Step S2: selecting one of the sub-policies as a selected sub-policy by using the master policy.
Step S3: generating at least one action signal according to the selected sub-policy.
Step S4: applying the at least one action signal to the action executing unit 20.
Step S5: detecting at least one reward signal from the detecting module 30. The at least one reward signal corresponds to at least one reaction of the action executing unit 20 responding to the at least one action signal.
The action executing unit 20 receives orders from the at least one action signal from the processing module 10 to perform a task. How well the task is performed will be reflected by the at least one reward signal detected through the detecting module 30.
Step S6: calculating a master reward signal of the master policy according to the at least one reward signal and an inference cost of the selected sub-policy.
Step S7: training the master policy by selecting the sub-policy according to the master reward signal.
The inference cost of the selected sub-policy is predefined and stored in the memory module 40. The master reward signal is formulated according to observations perceived by the master policy through the detecting module 30. More particularly, the master reward signal is formulated to rate how appropriate the selected sub-policy is for generating at least one action to perform the task. Once formulated, the master reward signal is then used to guide the master policy to select a more appropriate sub-policy to perform the task.

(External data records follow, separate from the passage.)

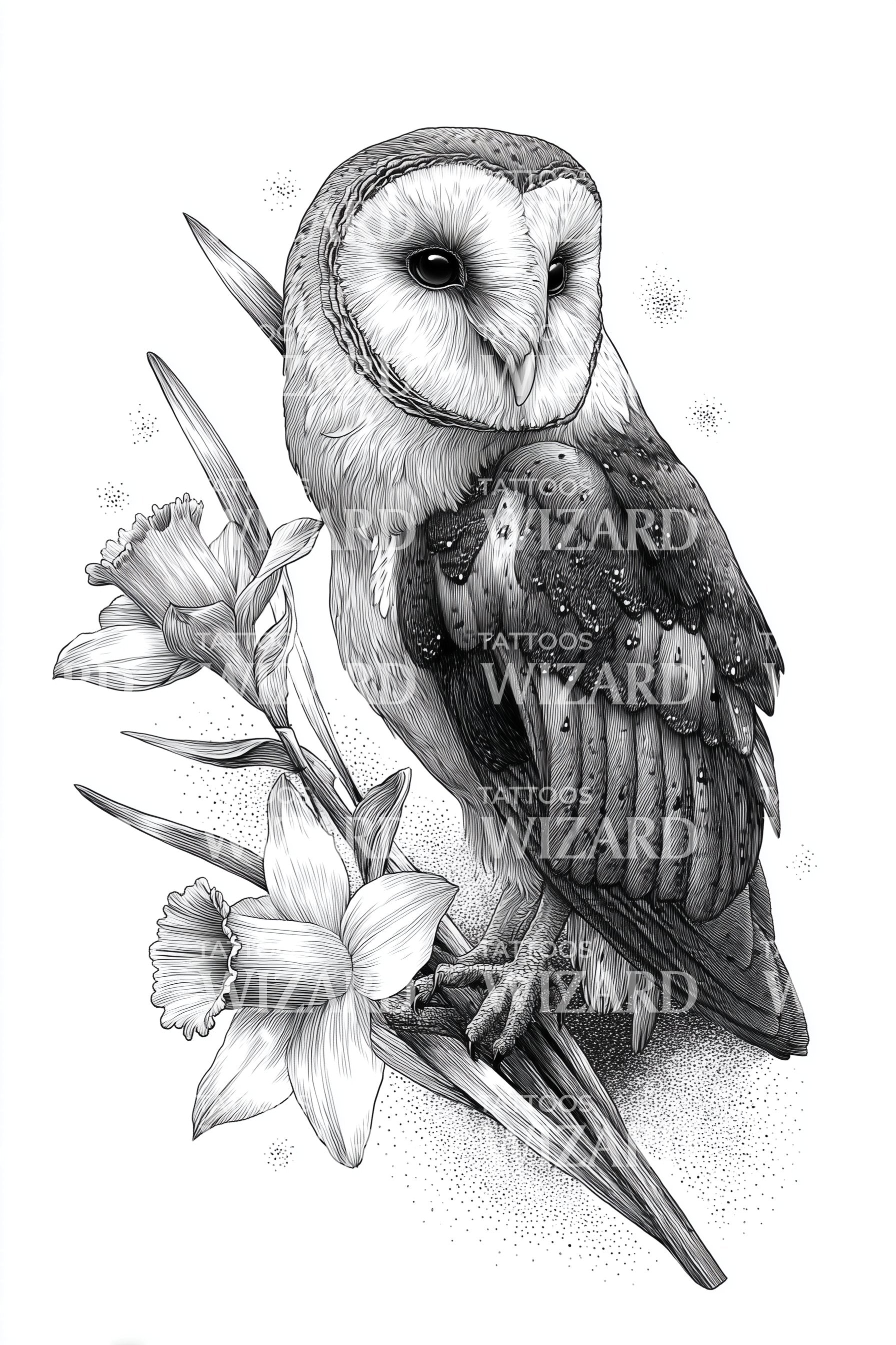 沉浸于大自然的卓越之美,这款逼真的黑灰色纹身设计艺术细腻,描绘了一只威严的猫头鹰栖息在质朴的谷仓中,周围环绕着绚丽的水仙花。非常适合热爱自然和写实风格纹身艺术的你。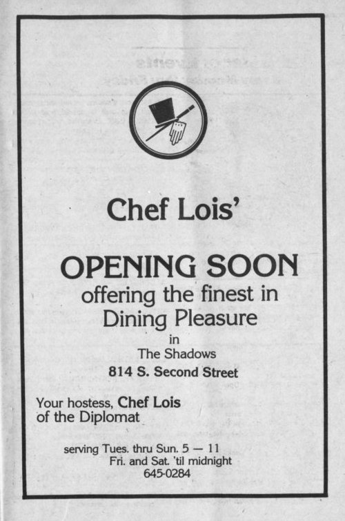 Advertisement: Chef Lois of Shadows Diplomat restaurant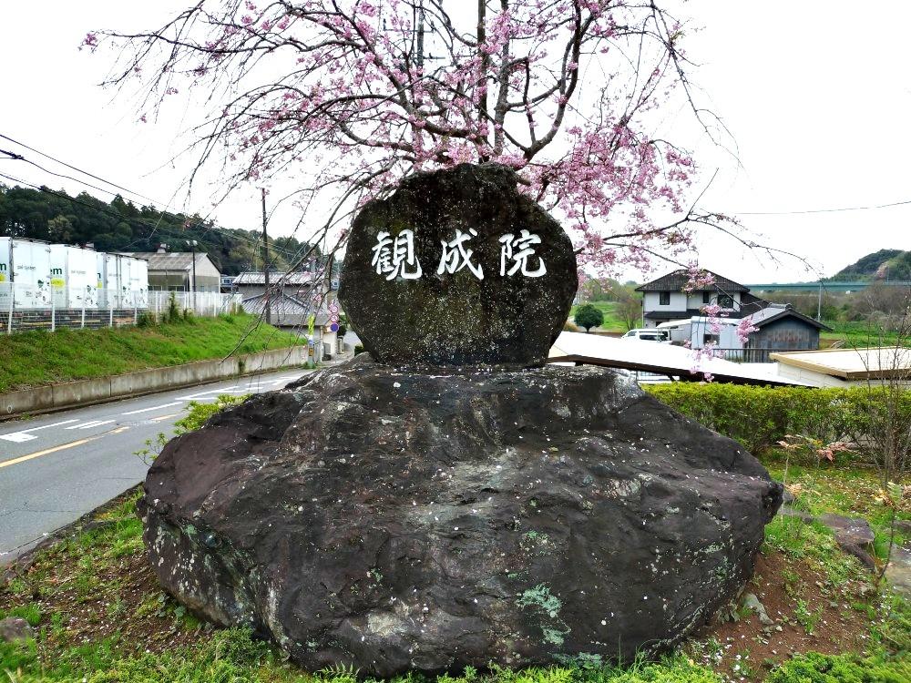 駐車場に咲くソメイヨシノを背景にした観成院の看板石。

The present invention uses an HRL structure to have the master policy make policy over options decision, wherein the options are the sub-policies. The master policy is independently trained apart from the sub-policies. In other words, the master policy is independently trained to solely make decisions on selecting which of the sub-policies is to be used to generate the at least one action signal. This reduces an overall inference cost by dynamically adjusting the appropriate sub-policy to perform the task without sacrificing quality of performance. This way, the present invention avoids having only one large cost policy to perform the task. Although using a large cost policy to perform the task often results in good performance quality, the overall inference cost, however, is often too high. Therefore, by having the sub-policies with different costs to choose from, the present invention is able to more flexibly choose one of the sub-policies to perform the task. Because of this flexibility, the present invention is able to reduce the overall inference cost without sacrificing performance quality. By having the master policy to make policy over options decisions, the present invention is able to find a balance between maintaining performance quality of the task and using the appropriate sub-policy with as low inference cost as possible, and hence reduce the overall inference cost to perform the task.
With reference to
Step S11: loading the master policy, the plurality of sub-policies, and a total number from the memory module 40, and loading environment data from the detecting module 30, wherein the total number is a positive integer.
Step S12: sensing a first state information from the environment data.
Furthermore, step S2 also comprises the following sub-steps:
Step S21: sending the first state information to the master policy.
Step S22: based on the first state information, selecting one of the sub-policies as the selected sub-policy by using the master policy.
Furthermore, step S3 also comprises the following sub-steps:
Step S31: sensing the first state information from the environment data, and sending the first state information to the selected sub-policy.
Step S32: generating the at least one action signal by using the selected sub-policy according to the first state information.
In this embodiment, although the master policy is given the first state information, the master policy only selects one of the sub-policies as the selected sub-policy. In other words, the master policy omits passing the first state information to the selected sub-policy, and hence step S31 is required to sense the first state information for the selected sub-policy. The environment data is time dependent; in other words, the state information sensed from the environment data changes with time.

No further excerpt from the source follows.